Many of those who did cover it, treated it with incredulity mixed with smug condescension.
During the primary season that followed, Trump’s disruptively brash business battle-hardened New York campaign style offended powerful political establishment elites from both parties.
Nevertheless, his brutally comical caricatures of some opponents such as Hillary Clinton ("Crooked Hillary") and Sen.
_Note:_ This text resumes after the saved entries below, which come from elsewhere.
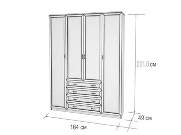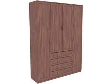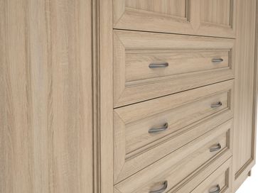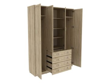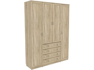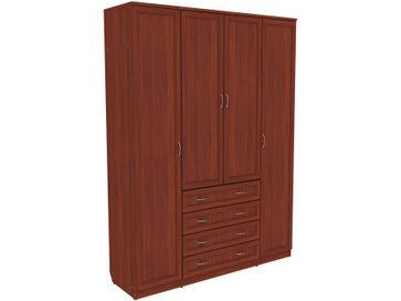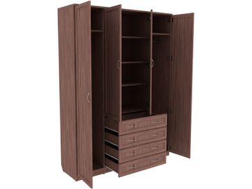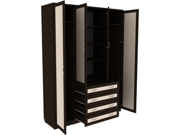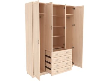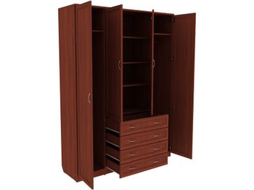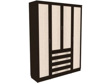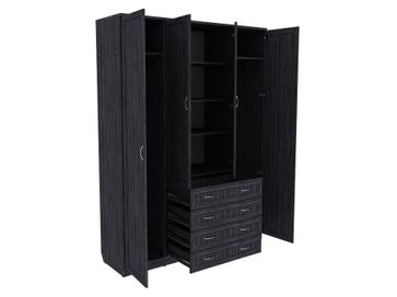 Преимущества: <br> отделение со штангой — для одежды на плечиках;<br> четыре выдвижных ящика — вместо комода;<br> два отделения с полками — для белья, вещей, обуви;<br> роликовые направляющие в ящиках — практичный механизм;<br> металлические ручки — прочные и долговечные;<br> объемная МДФ рамка на фасадах;<br> универсальный — для спальни, гостиной, квартиры-студии.<br>
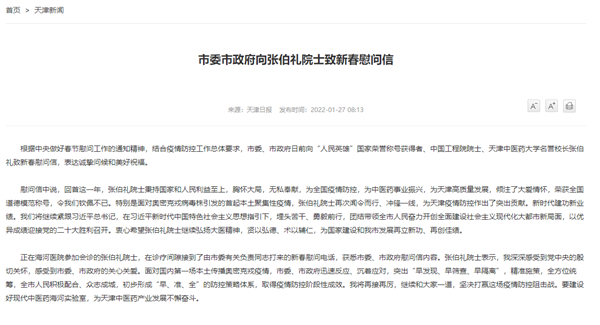 天津市委市政府向張伯禮院士致新春慰問信:胸懷大局,無私奉獻(xiàn)
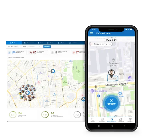 Комплексный учет рабочего времени не только локальных, но и для удаленных или географически распределенных офисов. В случае если сотрудник покидает рабочее место, доступен GPS мониторинг перемещений на карте.
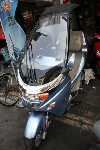 「好特別的機車啊」!經過它面前的人都會發出讚嘆聲。 流線的造型,還有遮風擋雨的敞篷,以及電視機、收音機等汽車級的設備,不僅特別、豪華,它還是相當「高貴」的機車,一台要價新台幣十五萬八千元。 一百五十西西、時速一百多公里,產自台中的這款昂貴機車,據說,大陸泉州還相當風行。 在民族路經營機車生意的老闆,特別進口一部,引來不少好奇的鄉親,成了該店最吸引人的招牌。

Elizabeth Warren, D-Mass. — "Pocahontas" — along with "tell-it-like-it-is" candor, rang true with rapidly growing audiences.
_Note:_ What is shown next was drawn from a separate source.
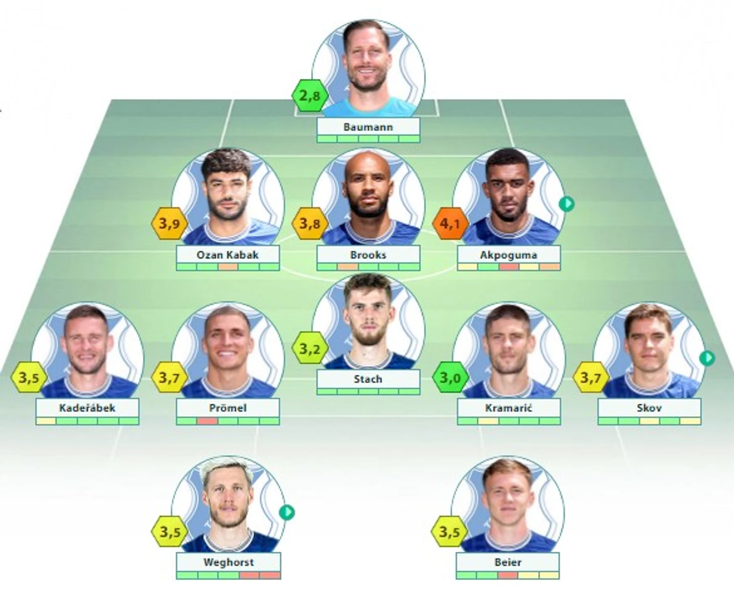 «Хоффенхайм»: Бауманн (c) – Кабак, Брукс Акпогума – Гриллич – Кадержабек, Премель, Штах, Сков –Вегорст, Крамарич
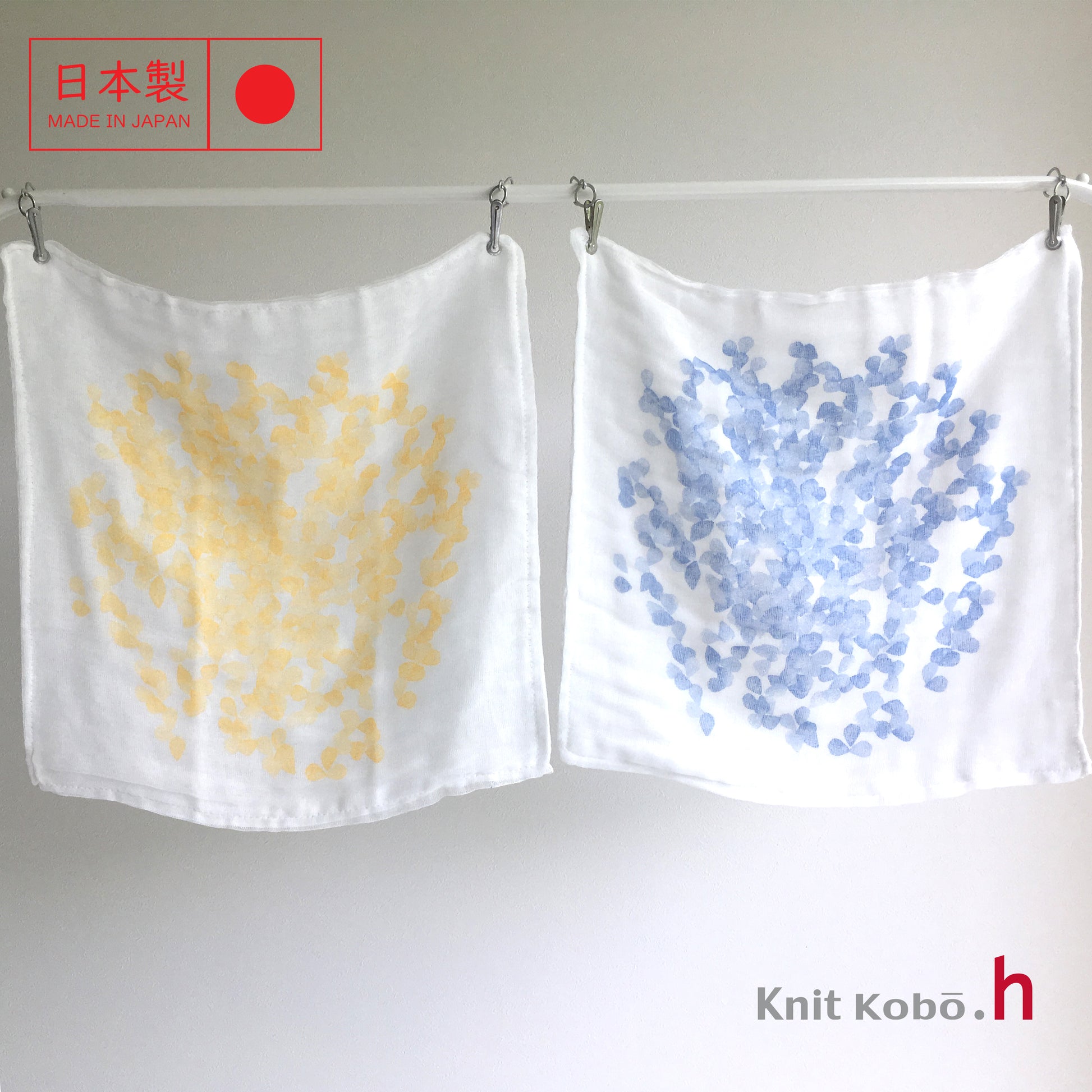 This gauze towel showcases a beautiful design with soft, blue/yellow floral patterns that resemble a bouquet at the center. The flowers are delicately blended into the white background, creating a gentle and elegant appearance. The artwork is crafted using a unique stamping technique to illustrate the overlapping petals, adding a touch of sophistication and charm to the piece.

Trump’s media-savvy communication skills disruptively circumvented capacities of media monopoly moguls to block his messaging which included transparently calling out their own misrepresentations and omissions of facts.
In doing so, "fake news" became recognized as a prevalent truism that is now broadly registered on the public psyche.
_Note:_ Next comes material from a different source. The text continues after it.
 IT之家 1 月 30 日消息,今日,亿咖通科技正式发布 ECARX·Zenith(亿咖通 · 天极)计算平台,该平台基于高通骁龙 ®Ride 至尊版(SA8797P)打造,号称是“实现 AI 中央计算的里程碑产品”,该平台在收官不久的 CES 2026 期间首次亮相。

The eruption of a financially successful and politically unbeholden interloper on the political scene disrupted the abilities of powerful special-interest lobbies, traditional establishment GOP donors, and entrenched partisan bureaucracies and agendas to control Donald Trump.
He didn’t need their fealty to make himself famous or rich.
Independent candidate and President Trump disrupted career ambitions of Washington, D.C. swamp bureaucrats who watched their ideological agendas and patronage appointments abruptly — unexpectedly — vanish.
In short, Donald Trump was consequentially transformative for the very reasons that all these groups found him to be so disruptive . . . because he exposed how they have previously and since led America into a very dangerous decline.
So they concocted a basement bunker campaign that elected someone that was more "presidential," an "experienced political figure" who would "unite the country" following disruptive Donald.
And they immediately reversed virtually all of his policies.
On his first day in office, President Biden’s declared war on fossil energy.
He cancelled the Keystone XL pipeline which would have delivered an estimated 830,000 barrels of Canadian crude oil to U.S. refineries daily along with more than 40,000 American jobs.
Soon afterwards he launched an effort to overturn an oil drilling program in the Arctic National Wildlife Refuge (ANWR) in Alaska, and empowered Department of Interior regulatory efforts to delay drilling permits.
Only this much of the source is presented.